HERE IS THE CALDECOTT TUNNEL PROBLEM. If there's another person with you right now, you may end up raising your voices as you consider it. I'm just warning, is all. The last time I brought up the Caldecott Tunnel Problem among friends, two people who had been a happy couple for a long time started arguing, and then they looked at each other as if something new and disturbing were presenting itself, and when I got up to go, one of them was pounding the table and yelling at her beloved, "But that is so wrong!"
Anyway, the problem. Near where I live, which happens to be Northern California but that's not relevant, there's a three-bore tunnel that runs east-west under some steep hills that separate the suburbs (east) from Oakland and Berkeley and eventually San Francisco (west). If you're driving east-west around here, you use the Caldecott Tunnel; you could go winding over the hills and bypass the problem altogether, but it would take forever and you don't want to. The freeway leading to the Caldecott is called Highway 24, and on the suburban side of the tunnel it courses like a river beneath open sloping grassland, all golden and Tuscan right now in summer.
So here you are, let us say, heading west toward the Caldecott at the end of a July afternoon. The geography, what with the hills rising on either side, pretty much requires you to focus on the thing that is about to happen in front of you — you can see it coming, and sometimes from quite a distance, depending on how bad the backup is. The trick about the Caldecott is that although each bore is two lanes wide, the middle bore switches direction, by means of signage and mechanically raised cone separators, contingent on the flow of the main morning and evening commute. So if you're driving out of the suburbs toward Oakland at the end of the day, the cars coming the opposite way take that middle bore, which means your side of 24 is being coned off into the one remaining bore on the right — a four-lane to a two-lane funnel.
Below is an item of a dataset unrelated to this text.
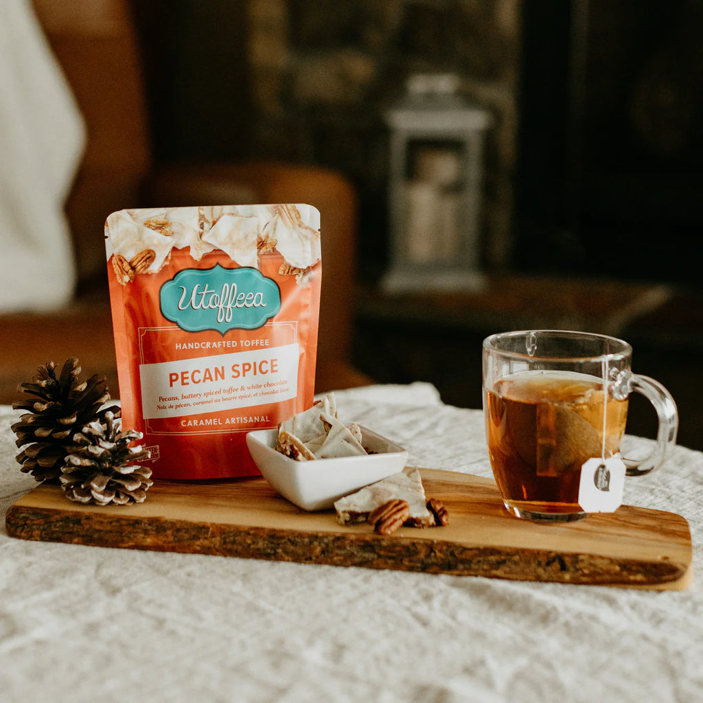 Pecan Spice Utoffeea combines layers of crunchy cinnamon toffee, premium roasted pecans, and white chocolatey goodness - with a subtle hint of cayenne pepper. Perfectly balanced and totally delicious, it’s the perfect sweet treat for any occasion!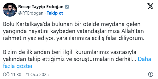 "Bolu Kartalkaya’da bulunan bir otelde meydana gelen yangında hayatını kaybeden vatandaşlarımıza Allah’tan rahmet niyaz ediyor, yaralılarımıza acil şifalar diliyorum.

This is the point at which the North American driving populace, as you know, cleaves into two camps.
Two-thirds of us, according to calculations I have made while brooding inordinately about this inside my Subaru, are lineuppers, slowing rapidly from 70 to 30 or 20 or whatever and taking our places — courteously and patiently, as our mothers taught us to do, respecting the broad tenets of social justice and the primacy of fairness to all persons on the road, regardless of income or ethnicity or car model or perceived level of personal importance — where was I? Oh. Sorry. Taking our places at the end of the line, I was saying, the long two-lane line that has formed to the right, creeping toward the mouth of our tunnel bore. There is still some empty lane space beside us on the left, true, where the cones are gradually closing those left lanes down. But people are already lined up. If we passed them on the left to get in farther ahead, we would be cutting the line.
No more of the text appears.